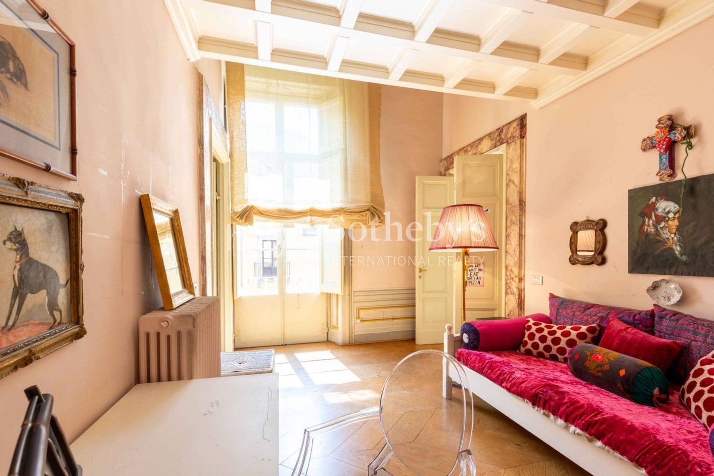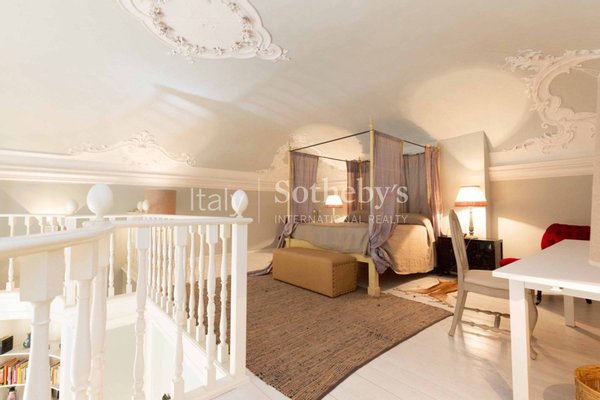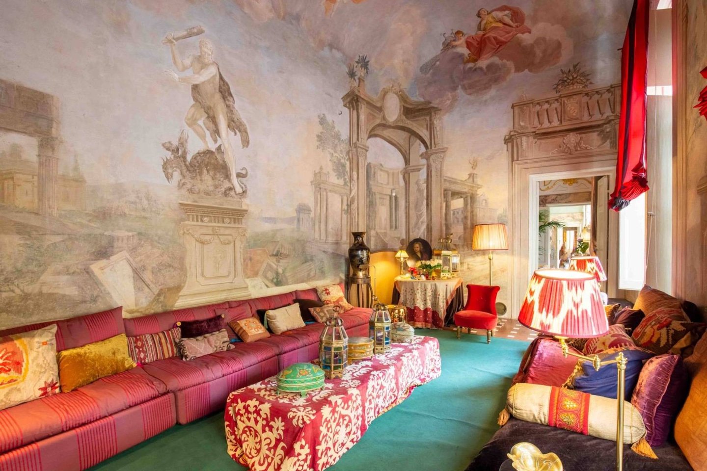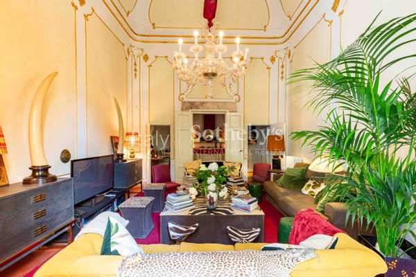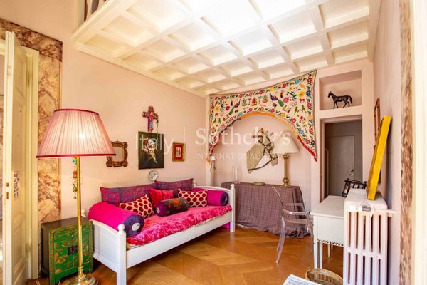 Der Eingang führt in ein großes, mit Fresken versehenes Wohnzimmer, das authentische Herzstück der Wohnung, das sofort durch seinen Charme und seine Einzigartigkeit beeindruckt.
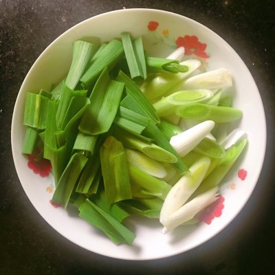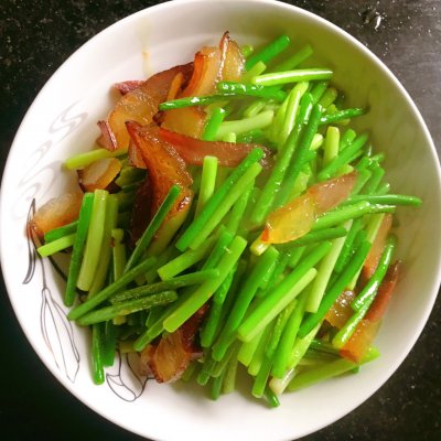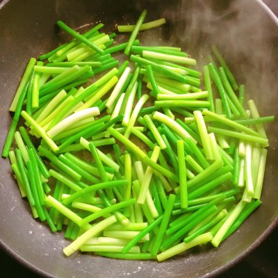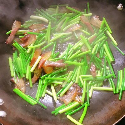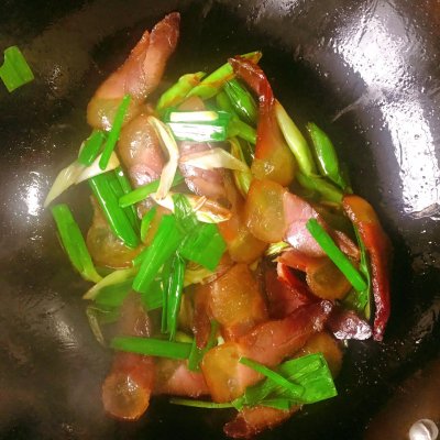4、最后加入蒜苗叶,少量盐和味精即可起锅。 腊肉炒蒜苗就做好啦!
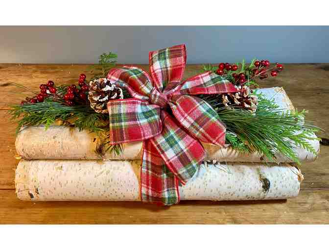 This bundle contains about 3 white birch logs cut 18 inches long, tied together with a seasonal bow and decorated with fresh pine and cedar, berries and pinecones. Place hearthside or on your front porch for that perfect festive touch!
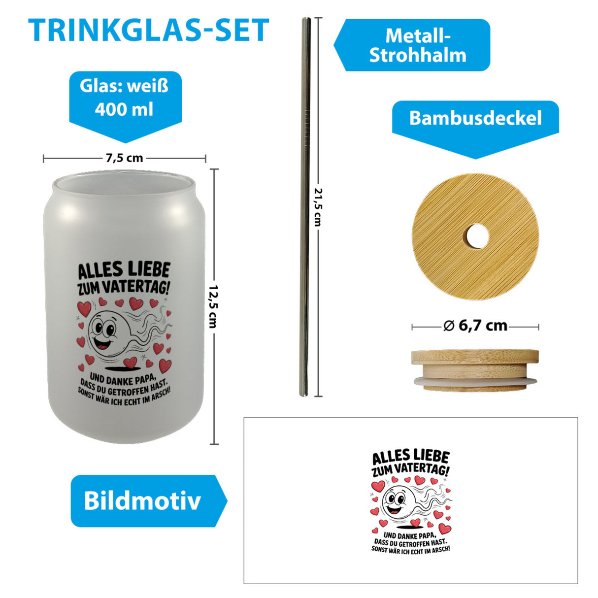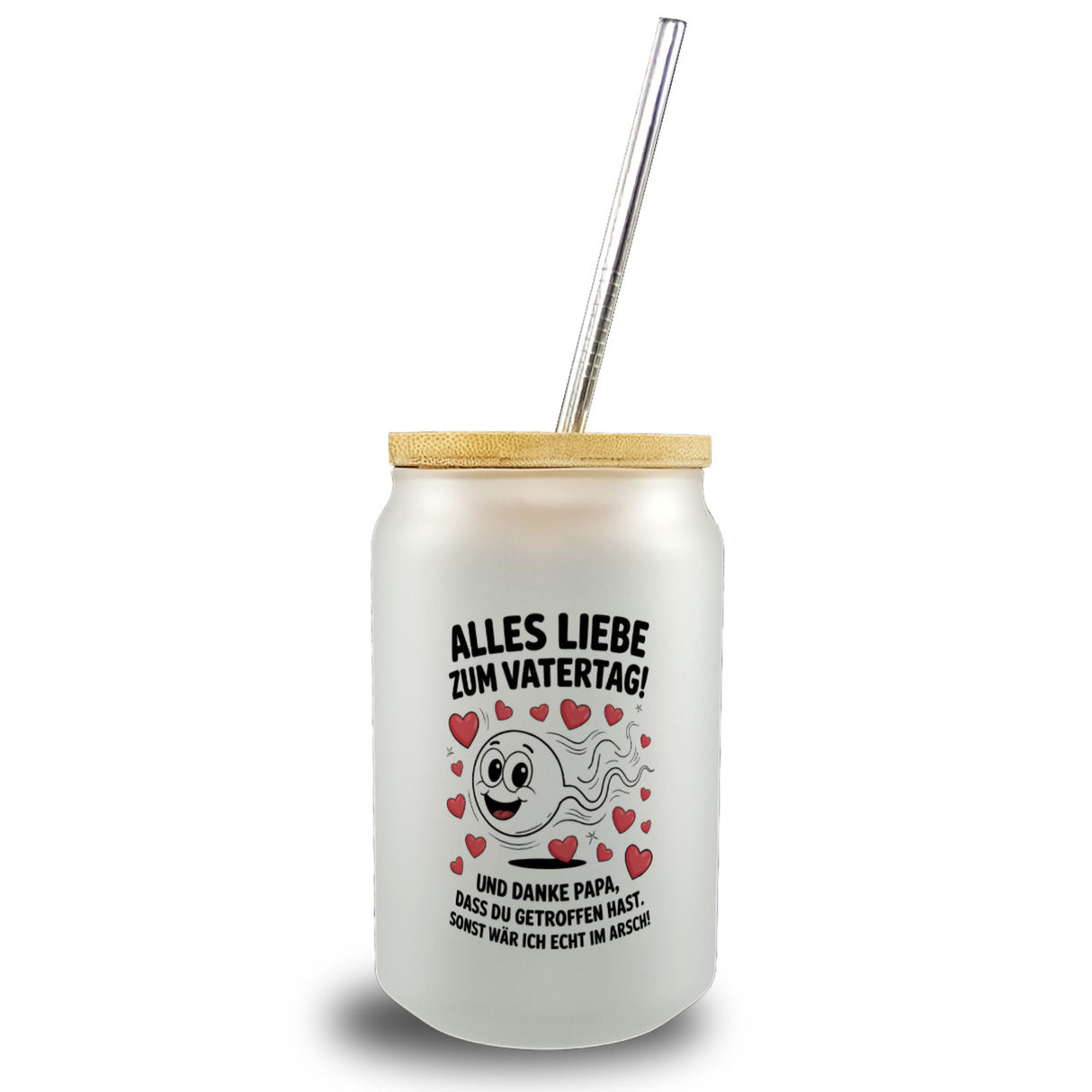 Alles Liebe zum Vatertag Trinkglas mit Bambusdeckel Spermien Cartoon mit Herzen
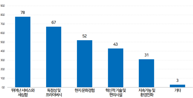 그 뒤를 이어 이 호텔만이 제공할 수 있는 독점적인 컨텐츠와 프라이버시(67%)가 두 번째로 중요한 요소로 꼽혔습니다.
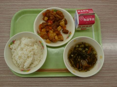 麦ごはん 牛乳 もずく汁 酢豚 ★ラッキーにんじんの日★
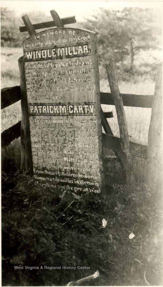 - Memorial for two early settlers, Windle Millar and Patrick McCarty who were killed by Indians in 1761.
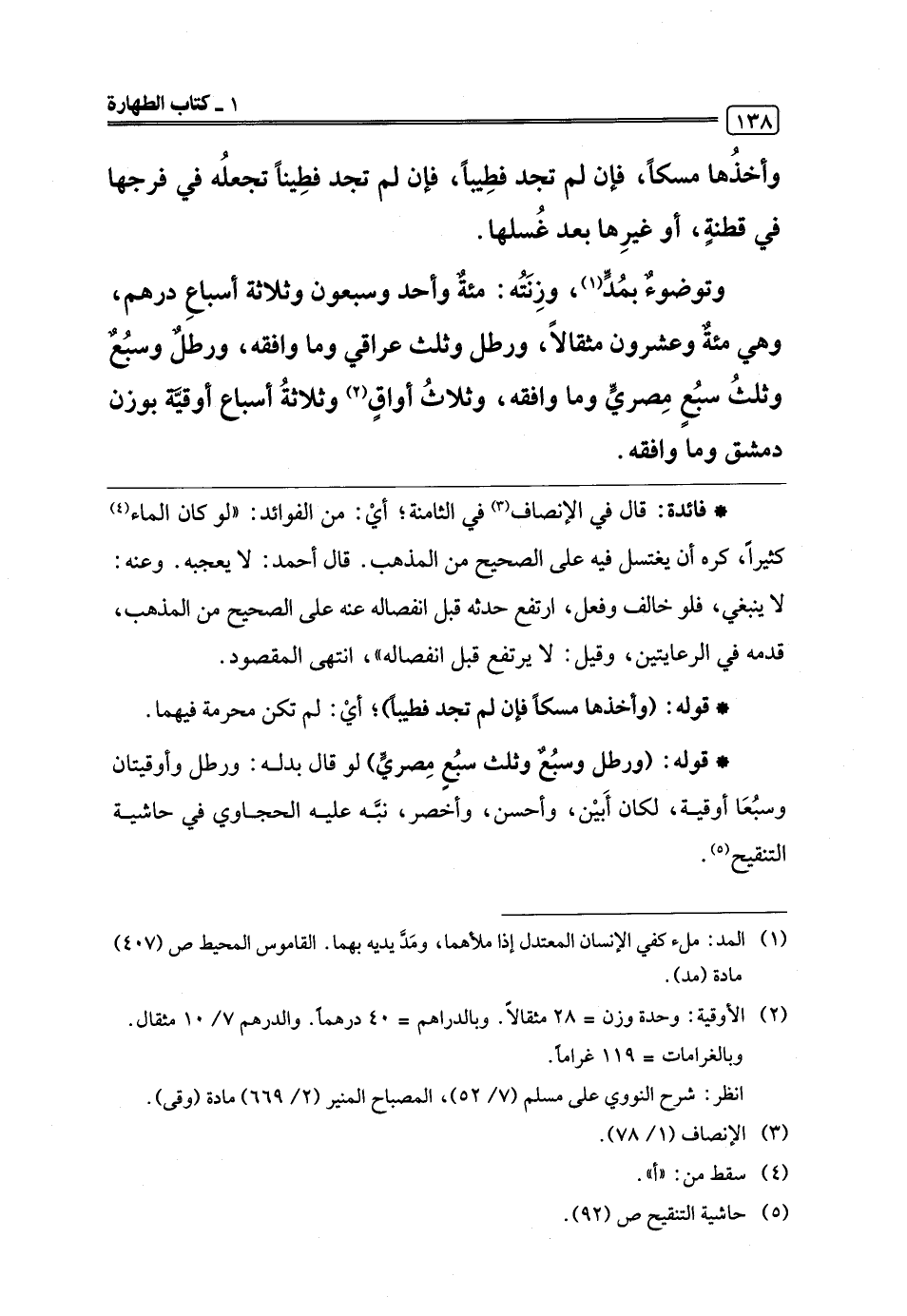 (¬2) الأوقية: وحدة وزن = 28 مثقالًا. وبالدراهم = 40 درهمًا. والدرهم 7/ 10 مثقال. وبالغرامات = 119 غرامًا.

Work task
Pictures stay out; retype only the lines from the line containing "Alles Liebe zum" through the end of the listing, inclusive, exactly as they appear.

Solved problem
 Alles Liebe zum Vatertag Trinkglas mit Bambusdeckel Spermien Cartoon mit Herzen
 그 뒤를 이어 이 호텔만이 제공할 수 있는 독점적인 컨텐츠와 프라이버시(67%)가 두 번째로 중요한 요소로 꼽혔습니다.
 麦ごはん 牛乳 もずく汁 酢豚 ★ラッキーにんじんの日★
 - Memorial for two early settlers, Windle Millar and Patrick McCarty who were killed by Indians in 1761.
 (¬2) الأوقية: وحدة وزن = 28 مثقالًا. وبالدراهم = 40 درهمًا. والدرهم 7/ 10 مثقال. وبالغرامات = 119 غرامًا.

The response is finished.